That is a good point about the caching on HPC systems too. I remember you sharing that conversation a while back but it was a good refresher and I agree not something to rely on.

Thanks, Kyle

KyleKlenk commented 1 year ago

Hi Andy and Wouter,

I went through the source code and this is what I found inside ffile_info.f90.

The forcingFileList.txt is read in and then how ever many lines are there is how the length is determined for the array of forcing files.

Then inside a do loop, each file in that array is opened and the descriptive information such as variable names and the number of time steps within that netCDF forcing file are used to populate the forcFileInfo data structure. When the user gives too many files in the forcingFileList.txt the loop will not exit until it has opened and populated information for every netcdf file that was listed in forcingFileList.txt.

It seems to me a check could be implemented to break the do loop here so once we have passed the forcing files that are not needed we do not continue. This is I think what you had in mind.
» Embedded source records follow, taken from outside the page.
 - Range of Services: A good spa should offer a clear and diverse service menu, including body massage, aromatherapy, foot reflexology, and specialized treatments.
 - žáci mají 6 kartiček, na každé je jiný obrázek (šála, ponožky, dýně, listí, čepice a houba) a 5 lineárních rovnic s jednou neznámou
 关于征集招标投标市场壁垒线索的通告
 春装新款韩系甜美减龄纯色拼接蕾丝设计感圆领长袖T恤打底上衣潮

The scenario of how to handle the situation where the user has more forcing files in the beginning of the list, ie. start date starts at a forcing file that is not the first in the forcingFileList.txt could be covered by the same check but instead of breaking the loop we move to the next iteration. The catch here is that read_force.f90 will still open the beginning files unless iFile is set to the file that corresponds with the start of the simulation and not the start of the forcingFileList.
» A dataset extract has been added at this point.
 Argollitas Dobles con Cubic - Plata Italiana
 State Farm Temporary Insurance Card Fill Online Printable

I can clarify as needed if something doesn't make sense. I am still learning how best to communicate these issues. In the end this doesn't happen if the user is responsible for ensuring the number of forcing files is correct for their simulation.

Best, Kyle

andywood commented 1 year ago

Hi Kyle, Thanks for looking into this. I'd guess it could probably be more tailored. We can't assume that the forcing files are named in a way that conveys their temporal range, so there's avoiding opening them and checking the time variable. However, the time variable should be the only one read before deciding if it's worth reading other variables. If the end time is before the simulation start time, the process can be escaped, and once the simulation end time is found in a file, the forcing read can be escaped. In the end, this is actually quite a common practice for models. I don't think we need to control it more through additional user input, but if you see inefficiencies such as reading all the variables before checking the time limits, we could refine that behavior. And then move on ... it does seem to be a rare case where this would significantly impact run time, and there are a lot of big SUMMA fish to catch and fry. (see the issues list)
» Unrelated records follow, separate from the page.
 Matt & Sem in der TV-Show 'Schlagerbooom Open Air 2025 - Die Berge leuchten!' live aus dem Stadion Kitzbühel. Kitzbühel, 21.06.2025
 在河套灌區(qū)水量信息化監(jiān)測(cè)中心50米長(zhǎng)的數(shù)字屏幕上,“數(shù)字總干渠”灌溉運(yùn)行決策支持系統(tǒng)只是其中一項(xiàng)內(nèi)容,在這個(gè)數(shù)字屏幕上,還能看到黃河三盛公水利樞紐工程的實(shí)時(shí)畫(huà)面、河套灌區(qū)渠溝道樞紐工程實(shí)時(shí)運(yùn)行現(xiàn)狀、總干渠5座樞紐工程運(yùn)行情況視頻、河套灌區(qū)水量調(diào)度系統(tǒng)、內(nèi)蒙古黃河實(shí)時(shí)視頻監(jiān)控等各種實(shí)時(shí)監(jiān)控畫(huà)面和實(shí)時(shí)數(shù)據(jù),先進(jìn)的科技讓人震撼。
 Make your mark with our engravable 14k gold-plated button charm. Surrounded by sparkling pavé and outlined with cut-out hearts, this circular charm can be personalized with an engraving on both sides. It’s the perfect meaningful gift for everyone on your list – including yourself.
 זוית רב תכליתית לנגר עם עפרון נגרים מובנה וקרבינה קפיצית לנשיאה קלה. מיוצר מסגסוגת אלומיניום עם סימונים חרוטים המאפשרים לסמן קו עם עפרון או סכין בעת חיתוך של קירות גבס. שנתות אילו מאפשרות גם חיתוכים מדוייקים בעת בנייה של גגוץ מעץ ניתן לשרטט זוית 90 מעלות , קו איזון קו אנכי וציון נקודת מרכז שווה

In general, I find that as you're working on models, you come across numerous things that you can improve or fix. The challenge is not finding imperfections but rather figuring out which to spend time on, and in what order :)

Cheers, Andy

On Wed, Nov 2, 2022 at 9:41 AM Kyle Klenk @.***> wrote:

Hi Andy and Wouter,

I went through the source code and this is what I found inside ffile_info.f90.

The forcingFileList.txt is read in and then how ever many lines are there is how the length is determined for the array of forcing files.

Then inside a do loop, each file in that array is opened and the descriptive information such as variable names and the number of time steps within that netCDF forcing file are used to populate the forcFileInfo data structure. When the user gives too many files in the forcingFileList.txt the loop will not exit until it has opened and populated information for every netcdf file that was listed in forcingFileList.txt.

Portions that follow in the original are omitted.